Linux is arguably the best operating system to take advantage of this new generation of computer hardware. Thanks to its permissive and royalty-free licensing model, Linux has become the dominant operating system for embedded systems development2. Thanks to strong community support, contributions regularly enrich the platform with the latest and greatest software and build tools for any CPU architecture.

In the Linux Kernel, developers will find all the drivers they need to power SoCs and control peripherals like displays, sensors and actuators. Linux distributions also provide ready-made libraries for implementing new communication protocols. However, this wealth of freely available capabilities does not come without complexity and challenges.

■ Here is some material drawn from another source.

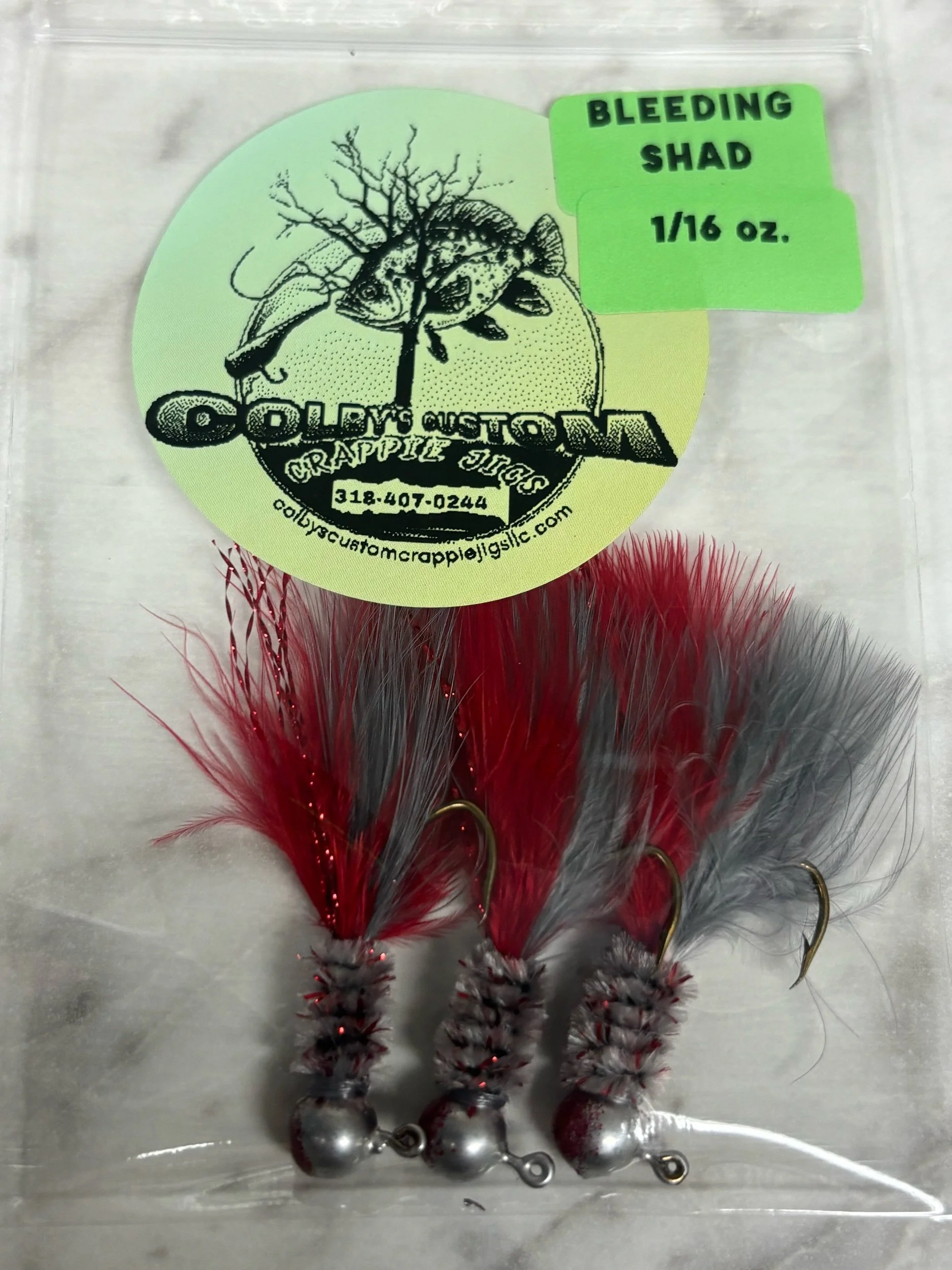 Shop › BLEEDING SHAD 3 Pack Image 1 of 2 Image 2 of 2 BLEEDING SHAD 3 Pack $7.50 1/16 ounce tied with Marabou Purchase Added! 1/16 ounce tied with Marabou

On the one hand, community-maintained build systems like buildroot and Yocto have abstracted and automated Linux embedding, to the point that any developer can create a distribution. On the other hand, enterprises running embedded Linux in production and at scale oftentimes have requirements that community contributions do not address. A gap which embedded Linux vendors fill by offering expertise and enterprise support.

Device manufacturers therefore face a dilemma today: whether to roll their own Linux distribution as an internal platform for embedded projects, or whether to use a commercially supported embedded Linux distribution.

This article will help you make this decision.

Key challenges to bring a device to market

Device manufacturers around the world are racing to build IoT devices that will deliver on the promise of IoT: data-driven value-chain optimisation, real-time visibility on processes, and new digital customer experiences. When choosing Linux as the software platform underlying these devices, device manufacturers typically face three key challenges:

  1. Building a code base for board bring-up
  2. Software development productivity
  3. Long-term maintenance

Let’s discuss each of these challenges in more detail, starting with board bring up.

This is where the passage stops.